Pic fails to deliver the terror, but more than compensates with shock.
“Birdemic: Shock and Terror” fails to deliver the terror, but more than compensates with shock — i.e., the sounds of jaws falling to the floor in stunned disbelief, likely to be heard during pic’s frequent acoustical dropouts. Howlingly bad films are a dime a dozen, but the evident Ed Wood-like sincerity with which writer-director James Nguyen lovingly crafted this compendium of cinematic don’ts gives it a goofy, almost surrealist charm. Attracting major media attention nationwide, delighting auds who clap along with the canned music and gasp aloud at the stunningly awful f/x, “Birdemic” has carved out a place in the pantheon of midnight movies.
Nguyen’s professed fascination with Hitchcock films yields a plot that might be described as “The Birds” with all ambiguities and psychological crosscurrents summarily removed and replaced with pronouncements about the evils of global warming — responsible for everything from viral birds to starving polar bears.

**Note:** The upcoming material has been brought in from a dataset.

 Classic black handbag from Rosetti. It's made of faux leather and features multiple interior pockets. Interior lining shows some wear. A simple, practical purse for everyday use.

The film’s first 40 minutes are strictly reserved for Romance and Normalcy. Rod, an ecologically minded software salesman (Alan Bagh, in a perf of truly awesome ineptitude) meets cheery, unassuming model Nathalie (Whitney Moore — game, but no match for her cliche-riddled part). Their relationship quickly pays off, as Rod improbably closes a million-dollar deal from his dinky office cubicle while Nathalie, barely able to strike a pose, lands a gig as cover model for Victoria’s Secret.

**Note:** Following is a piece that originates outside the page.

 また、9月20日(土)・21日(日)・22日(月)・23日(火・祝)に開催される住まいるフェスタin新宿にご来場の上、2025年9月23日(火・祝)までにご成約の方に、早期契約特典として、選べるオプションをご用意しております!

When the birds finally attack, amid much avian shrieking, leaving slashed or toxic-turd-covered corpses in their wake, our intrepid, environment-loving protagonists fight them off with bursts of rifle fire.
“Birdemic” displays all the revered hallmarks of hilariously bad filmmaking: inane dialogue (compounded by Vietnamese-born Nguyen’s imperfect grasp of the language), miscued music, godawful sound (alternating between lines barely heard above the ambient noise and total silence), and special effects that simply must be seen to be believed: birds dive-bombing and exploding in red-and-yellow poofs of smoke, and clip-art eagles, crudely pasted on the screen, with only their wing tips mechanically flapping.
But beyond these expected cheesy drolleries, Nguyen’s odd, often ambitious directorial choices constantly surprise. The emphases of this self-trademarked “Master of the Romantic Thriller” often defy narrative logic; he spends inordinate minutes on shots of Rod driving around town, to and from work, and in and out of driveways. Instead of one or two establishing shots of the town, Nguyen opts for 12. Given his dissociative editing style, sometimes so disjointed as to appear hallucinatory, a simple trajectory might be covered from five different, disconcertingly mismatched angles, each with wildly disparate lighting, expression and attitude.